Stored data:
"""
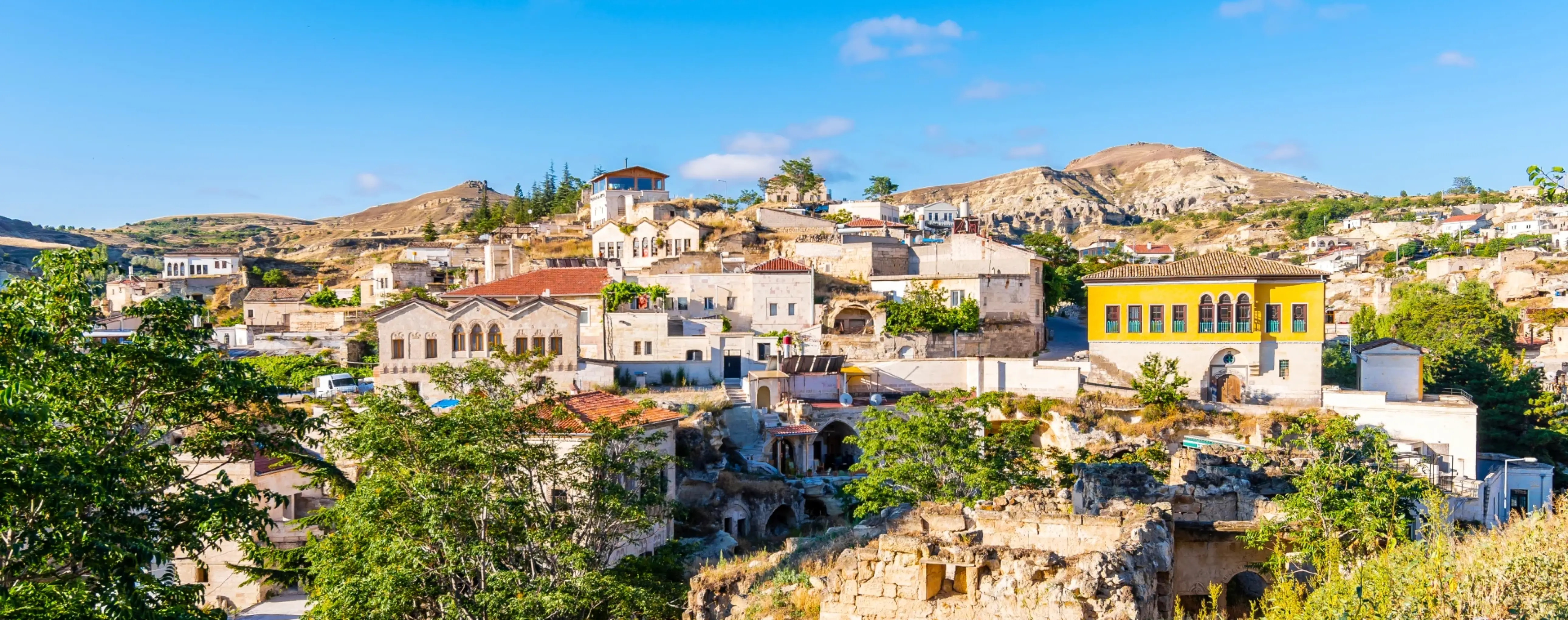 The landscape and settlements create a unique atmosphere: cave houses, traditional ways of life and crafts are preserved in the valleys and villages. At the same time, the region has developed tourist infrastructure - from small guesthouses and family pensions to designer cave hotels and modern tourist services.
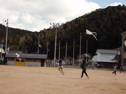 図画工作科でつくった「ぐにゃぐにゃだこ」で凧あげをしました。青空に高くあがる凧。子どもたちは大歓声を上げながら,楽しんで活動をしていました。
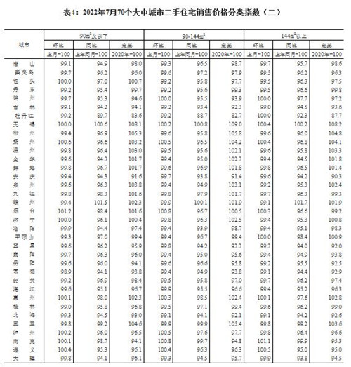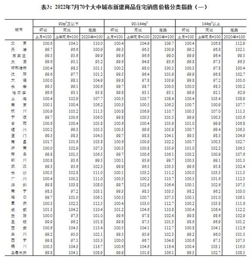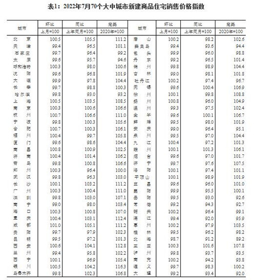 房訊網(wǎng)訊 8月15日,國(guó)家統(tǒng)計(jì)局發(fā)布2022年7月份70個(gè)大中城市商品住宅銷售價(jià)格變動(dòng)情況。國(guó)家統(tǒng)計(jì)局城市司首席統(tǒng)計(jì)師繩國(guó)慶解讀數(shù)據(jù)表示,7月份,70個(gè)大中城市中商品住宅銷售價(jià)格下降城市個(gè)數(shù)略增。
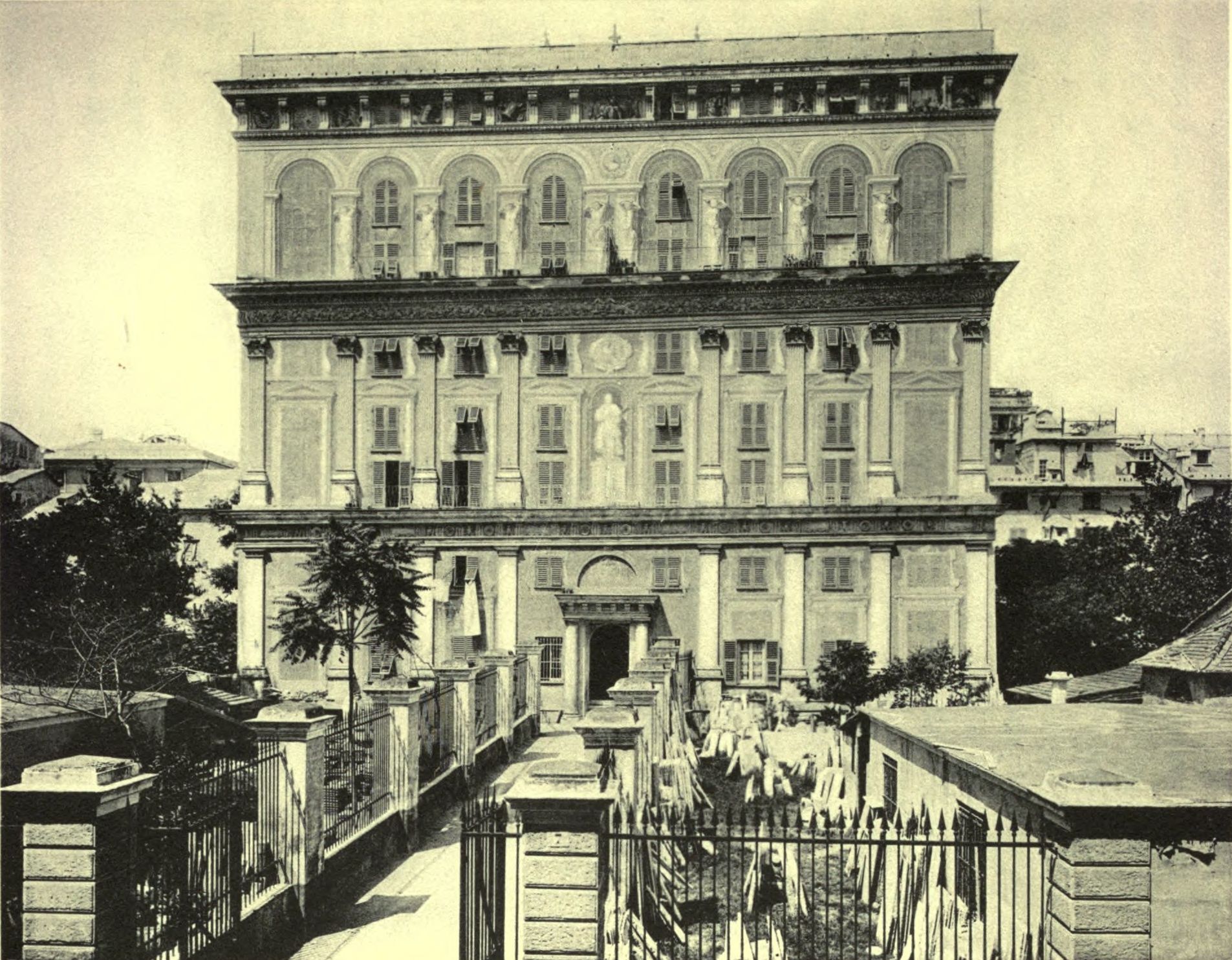 A famous and most celebrated architect, also, among others of the present day, is Galeazzo Alessi of Perugia, who, serving in his youth the Cardinal of Rimini, whose chamberlain he became, executed among his first works, at the desire of that lord, the rebuilding of the apartments in the Fortress of Perugia, with so many conveniences and such beauty, that for a place so small it was a marvel, and many times already they have accommodated the Pope with all his Court. Then, after many [Pg 240] other works that he executed for the said Cardinal, he was invited by the Genoese with much honour into the service of that Republic, for which the first work that he did was to restore and fortify the port and the mole; nay rather, to make it almost entirely different from what it was before. For, reaching out over a good space into the sea, he caused to be constructed a great and most beautiful port, which lies in a semicircle, very ornate with rustic columns and with niches about them, at the extremities of which semicircle there meet two little bastions, which defend that great port. On the piazza, then, above the mole and at the back of the great port, towards the city, he made a very large portico of the Doric Order, which accommodates the Guard, and over it, comprising all the space that it covers and likewise the two bastions and the gate, there is left a platform arranged for the operations of artillery, which commands the mole in the manner of a cavalier and defends the port both within and without. And besides this, which is finished, arrangements are being made for the enlargement of the city after his design, and his model has already been approved by the Signoria; and all with much praise for Galeazzo, who in these and other works has shown himself to be a most ingenious architect. The same Galeazzo has executed the new street of Genoa, with so many palaces built in the modern manner after his designs, that many declare that in no other city of Italy is there to be found a street more magnificent and grand than that one, nor one more full of the richest palaces, all built by those Signori with the persuasion and directions of Galeazzo, to whom all confess that they owe a very great obligation, in that he has been the inventor and executor of works which render their city, with regard to edifices, incomparably more grand and magnificent than it was before. The same master has built other streets without Genoa, and among others that which starts from Ponte Decimo on the way to Lombardy. He has restored the walls of the city towards the sea, and the fabric of the Duomo, making therein the tribune and the cupola; and he has built, also, many private edifices, such as the country palace of Messer Luca Giustiniano, that of Signor Ottaviano Grimaldi, the Palaces of two Doges, one for Signor Battista Grimaldi, and many others of which there is no need to speak.
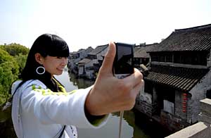 一名游客在江南古鎮(zhèn)西塘體驗浙江經(jīng)濟發(fā)展帶來的新風(fēng)貌。本報記者 王小川 攝
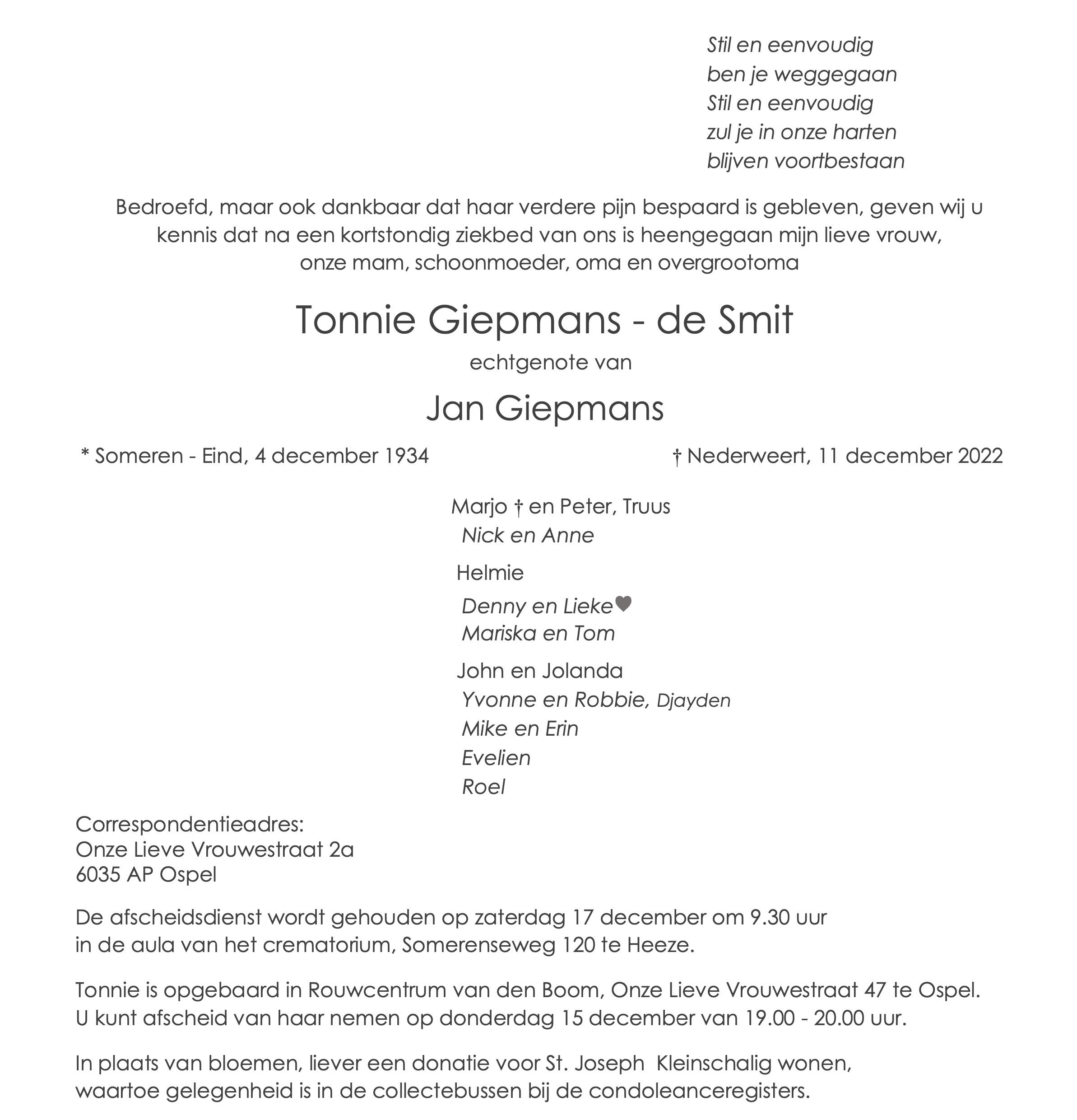 Overlijdensbericht: Tonnie Giepmans – de Smit †
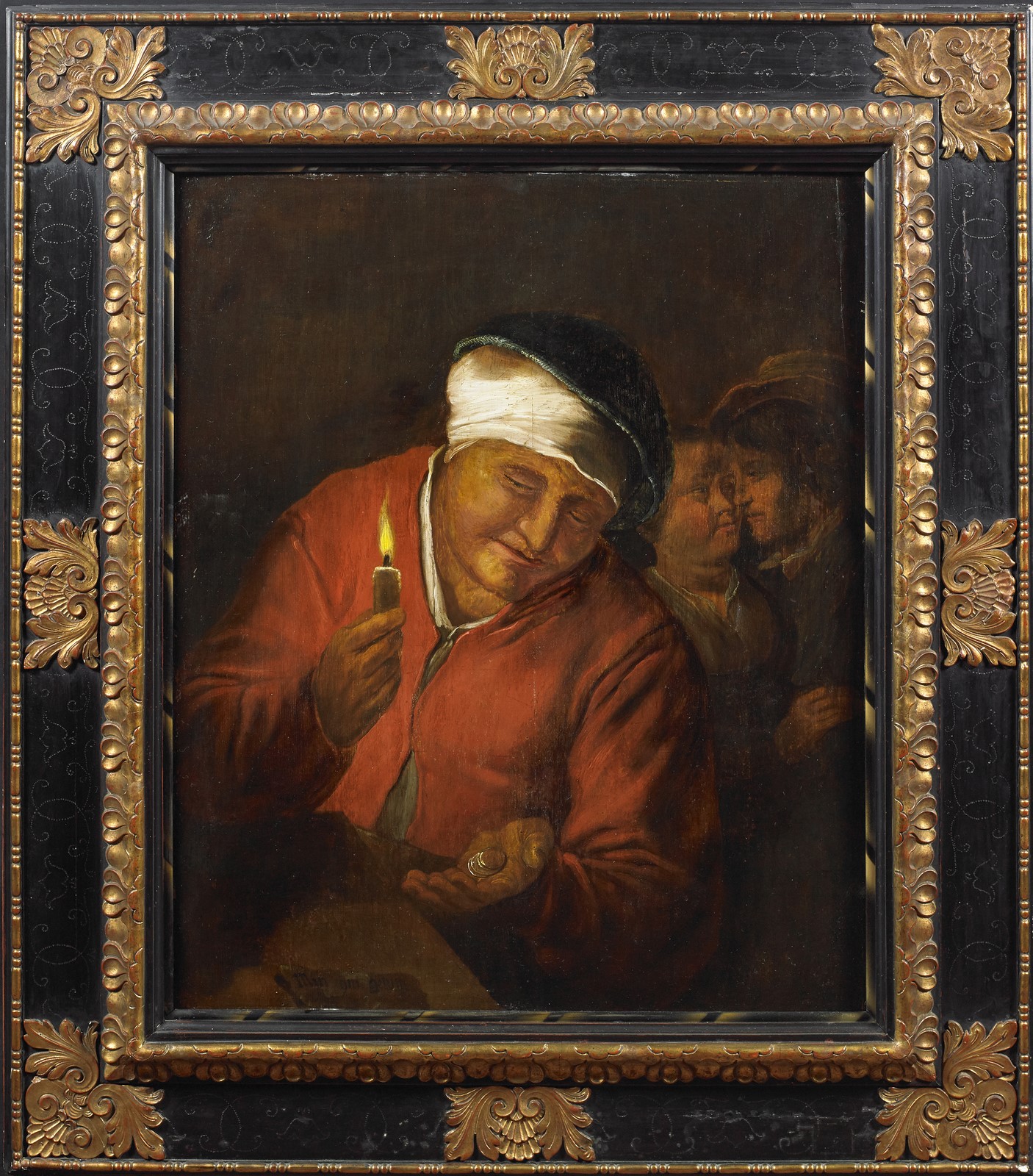 ARTISTA NORDEUROPEO DEL XVII SECOLO Figura a lume di candela. Olio su tavola. Cm 63,00 x 75,00.
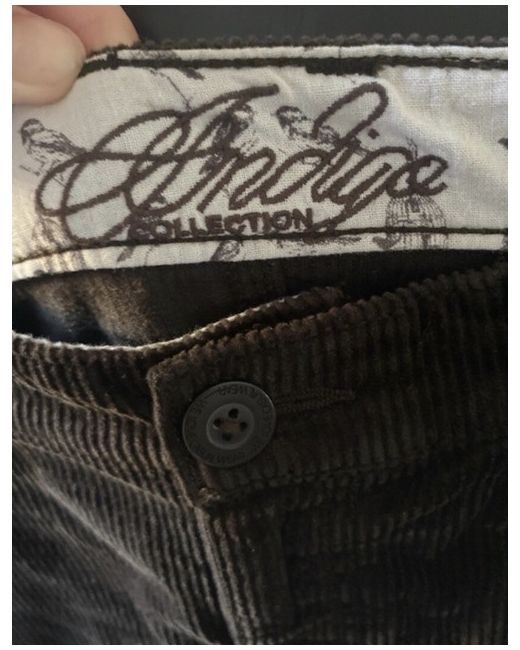 This is a new Indigo Collection brown denim skirt in size 10. It is a short, mini skirt suitable for women. The fabric type is denim, and it has a regular fit. No returns are accepted at this time.
"""
▶ ABOUT THIS EXERCISE: Keep the pictures out of your copy, and repeat every entry above exactly.

▶ RESPONSE AREA:
 The landscape and settlements create a unique atmosphere: cave houses, traditional ways of life and crafts are preserved in the valleys and villages. At the same time, the region has developed tourist infrastructure - from small guesthouses and family pensions to designer cave hotels and modern tourist services.
 図画工作科でつくった「ぐにゃぐにゃだこ」で凧あげをしました。青空に高くあがる凧。子どもたちは大歓声を上げながら,楽しんで活動をしていました。
 房訊網(wǎng)訊 8月15日,國(guó)家統(tǒng)計(jì)局發(fā)布2022年7月份70個(gè)大中城市商品住宅銷售價(jià)格變動(dòng)情況。國(guó)家統(tǒng)計(jì)局城市司首席統(tǒng)計(jì)師繩國(guó)慶解讀數(shù)據(jù)表示,7月份,70個(gè)大中城市中商品住宅銷售價(jià)格下降城市個(gè)數(shù)略增。
 A famous and most celebrated architect, also, among others of the present day, is Galeazzo Alessi of Perugia, who, serving in his youth the Cardinal of Rimini, whose chamberlain he became, executed among his first works, at the desire of that lord, the rebuilding of the apartments in the Fortress of Perugia, with so many conveniences and such beauty, that for a place so small it was a marvel, and many times already they have accommodated the Pope with all his Court. Then, after many [Pg 240] other works that he executed for the said Cardinal, he was invited by the Genoese with much honour into the service of that Republic, for which the first work that he did was to restore and fortify the port and the mole; nay rather, to make it almost entirely different from what it was before. For, reaching out over a good space into the sea, he caused to be constructed a great and most beautiful port, which lies in a semicircle, very ornate with rustic columns and with niches about them, at the extremities of which semicircle there meet two little bastions, which defend that great port. On the piazza, then, above the mole and at the back of the great port, towards the city, he made a very large portico of the Doric Order, which accommodates the Guard, and over it, comprising all the space that it covers and likewise the two bastions and the gate, there is left a platform arranged for the operations of artillery, which commands the mole in the manner of a cavalier and defends the port both within and without. And besides this, which is finished, arrangements are being made for the enlargement of the city after his design, and his model has already been approved by the Signoria; and all with much praise for Galeazzo, who in these and other works has shown himself to be a most ingenious architect. The same Galeazzo has executed the new street of Genoa, with so many palaces built in the modern manner after his designs, that many declare that in no other city of Italy is there to be found a street more magnificent and grand than that one, nor one more full of the richest palaces, all built by those Signori with the persuasion and directions of Galeazzo, to whom all confess that they owe a very great obligation, in that he has been the inventor and executor of works which render their city, with regard to edifices, incomparably more grand and magnificent than it was before. The same master has built other streets without Genoa, and among others that which starts from Ponte Decimo on the way to Lombardy. He has restored the walls of the city towards the sea, and the fabric of the Duomo, making therein the tribune and the cupola; and he has built, also, many private edifices, such as the country palace of Messer Luca Giustiniano, that of Signor Ottaviano Grimaldi, the Palaces of two Doges, one for Signor Battista Grimaldi, and many others of which there is no need to speak.
 一名游客在江南古鎮(zhèn)西塘體驗浙江經(jīng)濟發(fā)展帶來的新風(fēng)貌。本報記者 王小川 攝
 Overlijdensbericht: Tonnie Giepmans – de Smit †
 ARTISTA NORDEUROPEO DEL XVII SECOLO Figura a lume di candela. Olio su tavola. Cm 63,00 x 75,00.
 This is a new Indigo Collection brown denim skirt in size 10. It is a short, mini skirt suitable for women. The fabric type is denim, and it has a regular fit. No returns are accepted at this time.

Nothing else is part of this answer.